To establish the performance values, it is necessary to calculate the confusion matrix. The confusion matrix consists of real values in one dimension and predicted labels for the second dimension, and each class consists of a row and a column. The diagonal elements of the matrix represent the correctly classified results.
The values calculated from the confusion matrix represent Precision, Recall, and F1-score, which is the harmonic average of the accuracy and recall and the accuracy of the classification:
Precision: it is defined as the number of samples that contain the existence of the drone.
Recall: it is defined as the ratio between the expected number of samples to contain a drone and the number of samples that contain the drone.

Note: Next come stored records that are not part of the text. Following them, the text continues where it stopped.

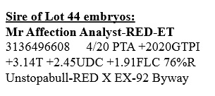 *Selling 1-#1 & 3-#2 IVF female embryos sired by Analyst-RED *domestic sale only
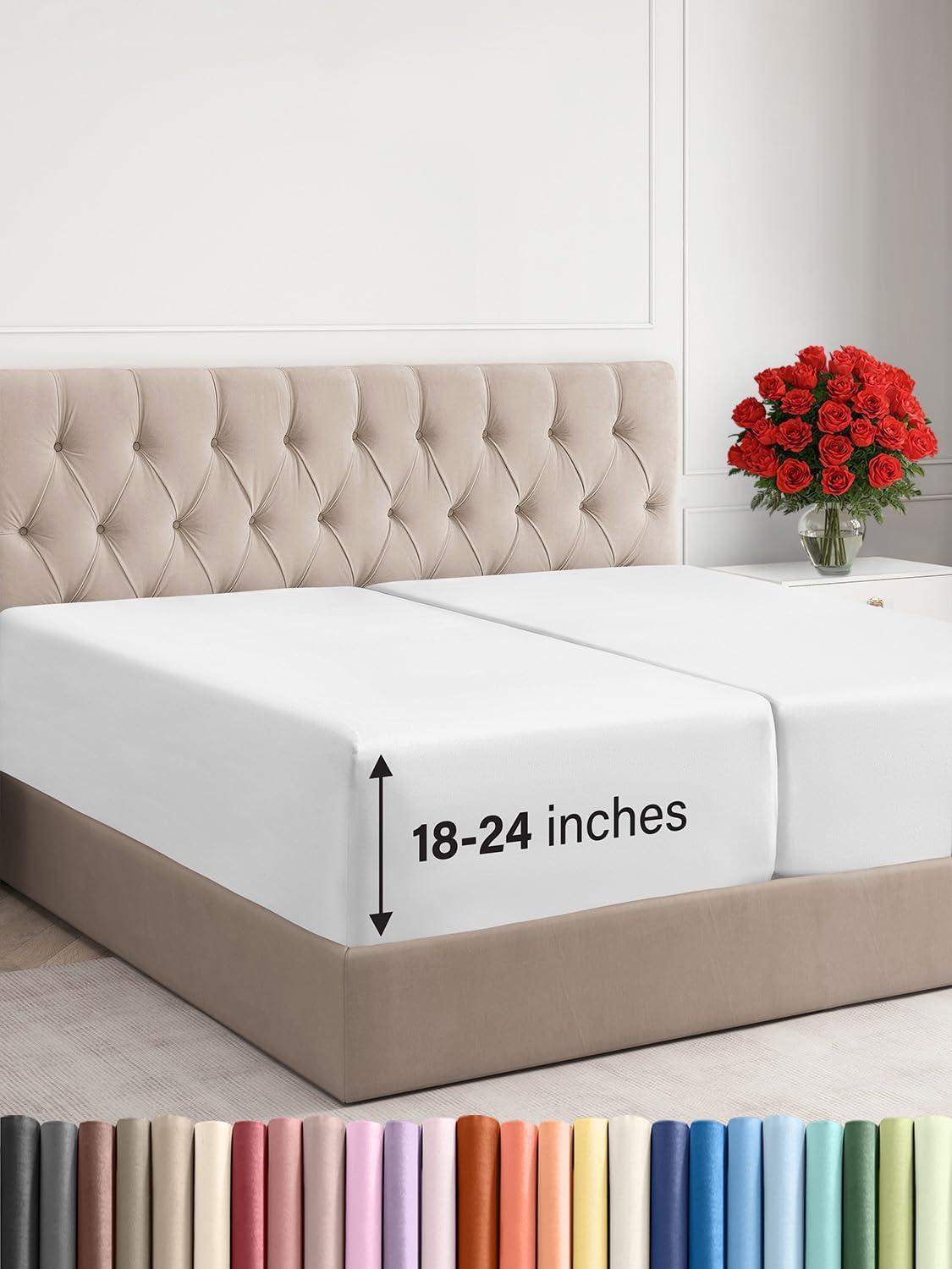 imageExtra Deep Split King Fitted Sheet  Hotel Luxury Single Fitted Sheet Only  Easily Fits 18 inch to 24 inch Mattress  Ultra Soft Wrinkle Free wExtra Deep Pockets  Breathable ampamp Comfy  Light Grey01  White
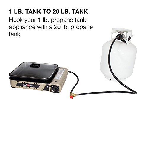 CONVERT YOUR 1 LB PROPANE TANK TO 20 LB - Hose with adapter fitting let you hook your 1lb propane required propane appliance with 20 lb tank or lager by connecting this adaptor, Allows connection to more fuel
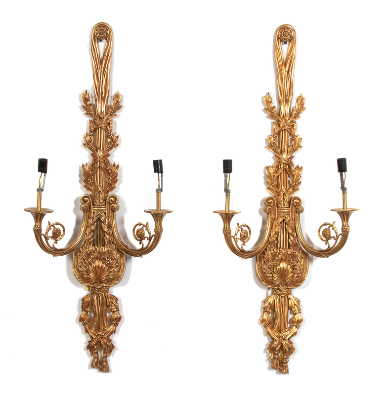 each with lyre-form back-plate with tasseled drapery and berrying swag decoration, electrified.
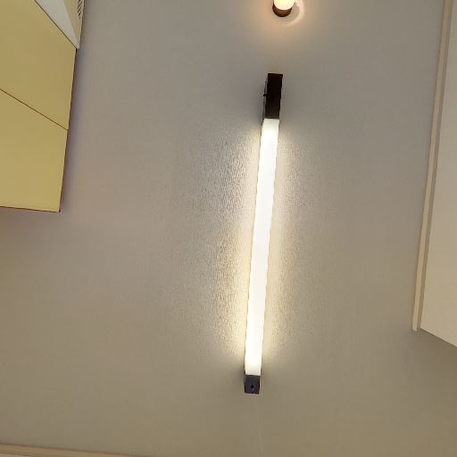 照明設備(確度70%):天井に細長い蛍光灯タイプの主照明と小型ダウンライトがある。
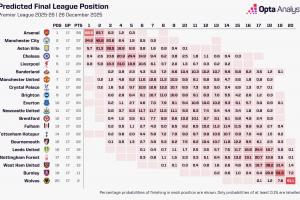 體育資訊12月27日訊 在Opta超算最新的英超奪冠預測中,阿森納概率下降,目前以68.5%領跑,曼城24.6%第二,維拉5.7%第三,利物浦0.8%第四,切爾西0.4%第五。
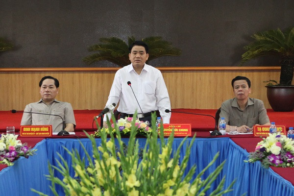 Chủ tịch UBND TP Nguyễn Đức Chung phát biểu tại buổi làm việc với huyện Chương Mỹ

F-measure: it is defined as the harmonic average between accuracy and recall.
F1-scores are calculated for each class, followed by the average of the scaled scores with weights. The weights are generated from the number of samples corresponding to each class.
The network is trained for 200 epochs with a batch size of 16. This experiment resulted in a classification accuracy of 91 percent, Recall is 0.96, and micro average F1-score is 0.91. The confusion matrix is shown in
Table 1 and the classification report is shown in
Table 2.
3.3. Assessment of Noise Pollution in the Study Area
The evaluation of the noise levels at the measurement points, five residential areas in Bucharest, demonstrates the exceeding of the maximum permissible noise level for commercial-residential areas legislated in Romania, which is 60 dB(A), because the samples obtained showed a sound level that exceeds 75 dB(A), shown in
Figure 24.
Table 3 describes the statistical variables.

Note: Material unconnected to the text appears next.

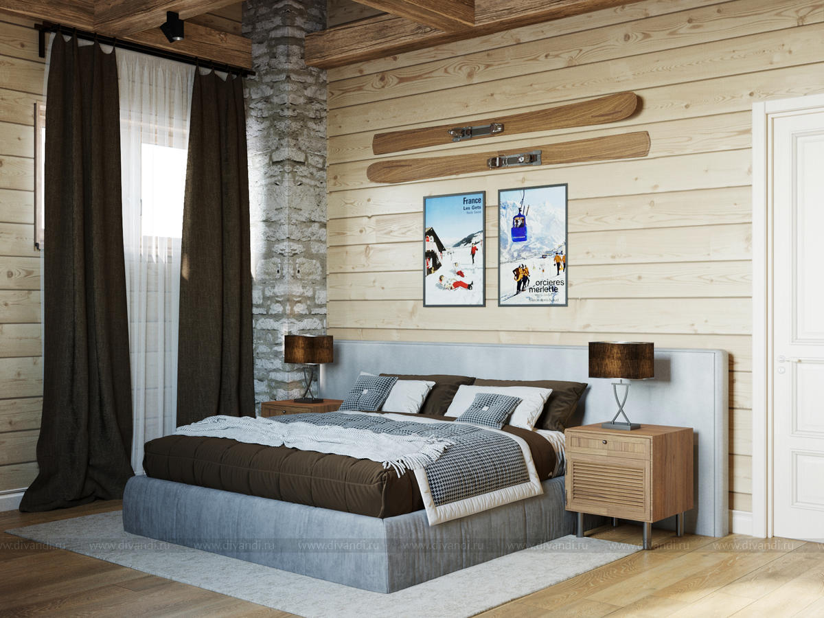 Тип проекта: загородный дом, спальня, кухня, ванная, гостиная

Analyzing the results of the
analysis obtained for five residential areas in Bucharest, Romania, presented in
Figure 24, it turns out that the permitted noise level is exceeded compared to the legislated level of 60 dB.
Noise pollution has increased to an alarming degree in all areas of the city (residential, commercial, industrial, and quiet) due to the rapid increase in urbanization, industrialization, and other connectivity of transport systems in all areas of the city. Identifying noise hotspots where immediate remedial action is required has always been a challenge. In addition to providing noise propagation in the X and Z directions, 2D noise mapping is an essential method for identifying regions where noise levels may reach a dangerous level. Thus, the comparative examination of all residential areas within a city provides a clear picture of noise exposure. The measurement of noise on the ground is carried out with the help of the sound level meter. In the horizontal direction, the orientation and distance of buildings from the road or flight path, as well as the shape of buildings are the main influencing factors on the noise effect. Based on the analyses carried out from ground level and from a height of 30 m, by making 2D maps, they showed that the surrounding structures (high buildings, brick walls, borders with grills, trees, etc.) significantly influence noise propagation in all directions. That is why the next step was to make 3D noise maps from a height of 100 m (e.g., road traffic and aircraft noise propagate from different directions and produce different effects on the ground floor and top floor of buildings). In particular, the buildings with the highest noise level are not close to the road or railway, and the apartments with high noise are not located close to the ground or the top of the building. The composition of the noise and the existence of multiple 3D noise sources determine the presence or absence of high noise. The high noise level in the residential area may be due to the heavy traffic volume and the road surrounded by tall buildings. 3D maps can also be used by decision makers in the process of formulating noise control strategies or implementing corrective measures.